Tuesday, June 2, 2015

Focus on the Present, not Past in Making your Djokovic vs. Nadal Roland Garros Pick

Nearly everyone previewing the epic quarterfinal match between Djokovic and Nadal feels obliged to mention Nadal's nine previous French Open titles.  Some analysts seem to be switching their picks to Nadal based on his history and solid first week, but doing so is likely a rash decision.  There's no doubt Rafael Nadal is the greatest clay court player of all time, and one of the best players of all time on any surface.  However, Nadal hasn't been the player we're used to all year, and wins over a bunch of no names and Jack Sock don't mean vintage Nadal has returned. 

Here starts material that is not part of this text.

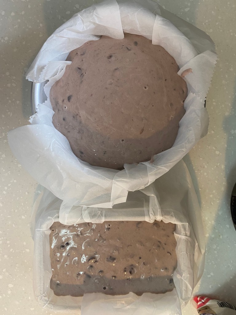 用烤盤紙襯在容器底下,把粉漿倒入,用電鍋蒸1小時整,記得要計時哦!我用一個圓的一個長方形的,(這樣拍照起來漂亮、送人也可以兩種選擇。)

It's understandable why everyone is so hesitant to pick against Nadal at Roland Garros, as he simply doesn't lose there.  But at some point his results over the past few months have to count for more than what he did at the French Open in 2005.  Djokovic is number one in the world by a mile, and has already beaten Nadal convincingly on clay this year (as has Murray, Wawrinka, and Fognini).  In prior years Djokovic went into matches against Nadal at Roland Garros knowing he would have to play a perfect match to win.  Now, Djokovic knows he's the better player (even on clay), and that it won't take an otherworldly performance to get past the Spaniard.  

If anyone has earned our respect at a given tournament, it's Nadal at the French Open.  But picking Djokovic to win isn't "disrespecting" Nadal and his accomplishments, it's simply the more reasonable prediction based on the recent evidence.  Djokovic is on pace for an all-time great season, and Nadal has suffered several surprising losses in 2015, including on his beloved clay.  Instead of assuming Nadal will rediscover his top form at Roland Garros, we should realize Nadal simply isn't the player he used to be. 

During Nadal's reign over Roland Garros over the last decade, there wasn't anything "magical" about Roland Garros.  Nadal was by far the best clay court player in the world, and won nearly every clay court tournament he played no matter where it was located.  It's not like Nadal would come into the French Open struggling and would find his form once he set foot in Paris, rather he consistently came into the tournament with almost no losses in the French Open tuneups. 

It's certainly possible Djokovic's nerves are a factor and that Nadal plays closer to his level from past years.  However, fans shouldn't be surprised if the "match of the year" doesn't live up to its billing.  Their recent form and results suggest Djokovic will win rather comfortably, and we shouldn't pretend to be surprised when it happens.